DATASET EXCERPT:

■ ■ ■ ■ ■

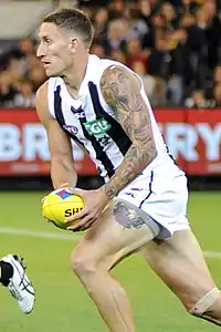 Despite his improved performances and Sydney's attempts to re-sign him, he moved to Collingwood in a three-way trade with Sydney, Collingwood and the West Coast Eagles.[6] On 10 August 2017, White announced his retirement from AFL football at the end of the season.[7]
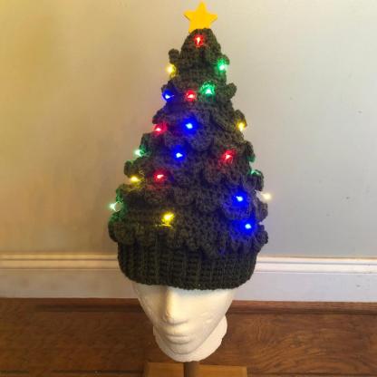 - Item includes:1 Illuminated Crochet Christmas Tree Hat
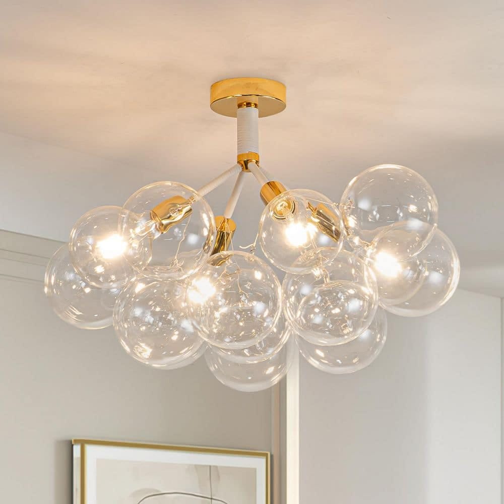 571071 Y - 22.8 in. 4-Light White Bubble Semi Flush Mount with Glass Shade and Bulbs Included - SEE PRODUCT DETAILS
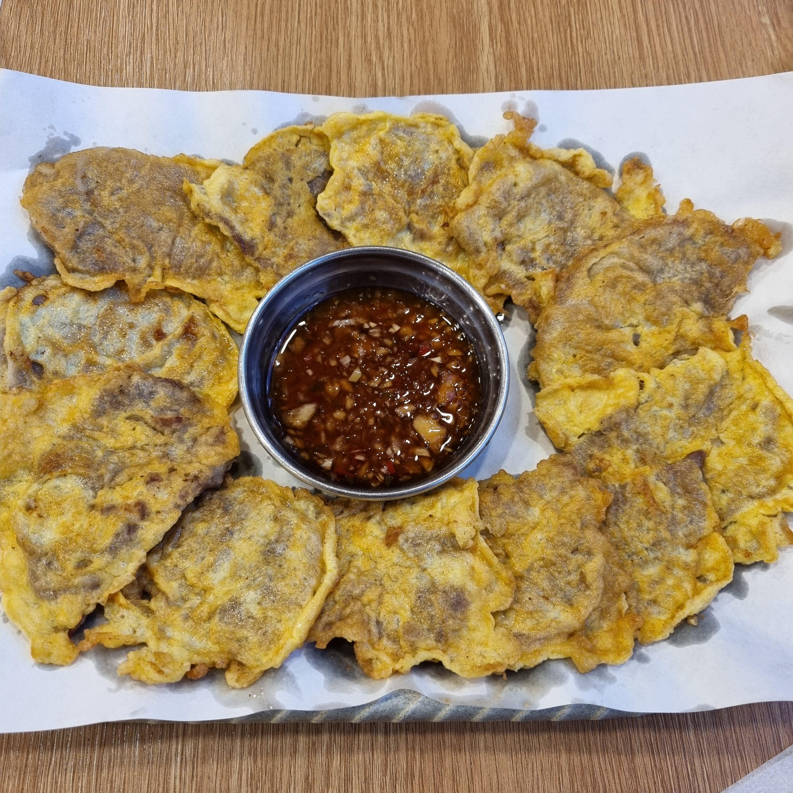 ✨소고기육전 : 바로 나온 거 한 입 와앙..하고 먹었는데 진짜 맛있었어요ㅠㅠ 두께도 씹기 딱 적당하고 많이 질기지도 않아서 식감도 좋았습니다ㅠㅠ 육칼 먹다가 입이 심심할 때 육전 하나 먹어주면..육개장과 육전의 궁합도 너무 좋았습니다. 안 시켰으면 후회할 뻔했어요..😚

■ ■ ■ ■ ■

Return the listing verbatim, pictures omitted.

TASK SOLUTION:
 Despite his improved performances and Sydney's attempts to re-sign him, he moved to Collingwood in a three-way trade with Sydney, Collingwood and the West Coast Eagles.[6] On 10 August 2017, White announced his retirement from AFL football at the end of the season.[7]
 - Item includes:1 Illuminated Crochet Christmas Tree Hat
 571071 Y - 22.8 in. 4-Light White Bubble Semi Flush Mount with Glass Shade and Bulbs Included - SEE PRODUCT DETAILS
 ✨소고기육전 : 바로 나온 거 한 입 와앙..하고 먹었는데 진짜 맛있었어요ㅠㅠ 두께도 씹기 딱 적당하고 많이 질기지도 않아서 식감도 좋았습니다ㅠㅠ 육칼 먹다가 입이 심심할 때 육전 하나 먹어주면..육개장과 육전의 궁합도 너무 좋았습니다. 안 시켰으면 후회할 뻔했어요..😚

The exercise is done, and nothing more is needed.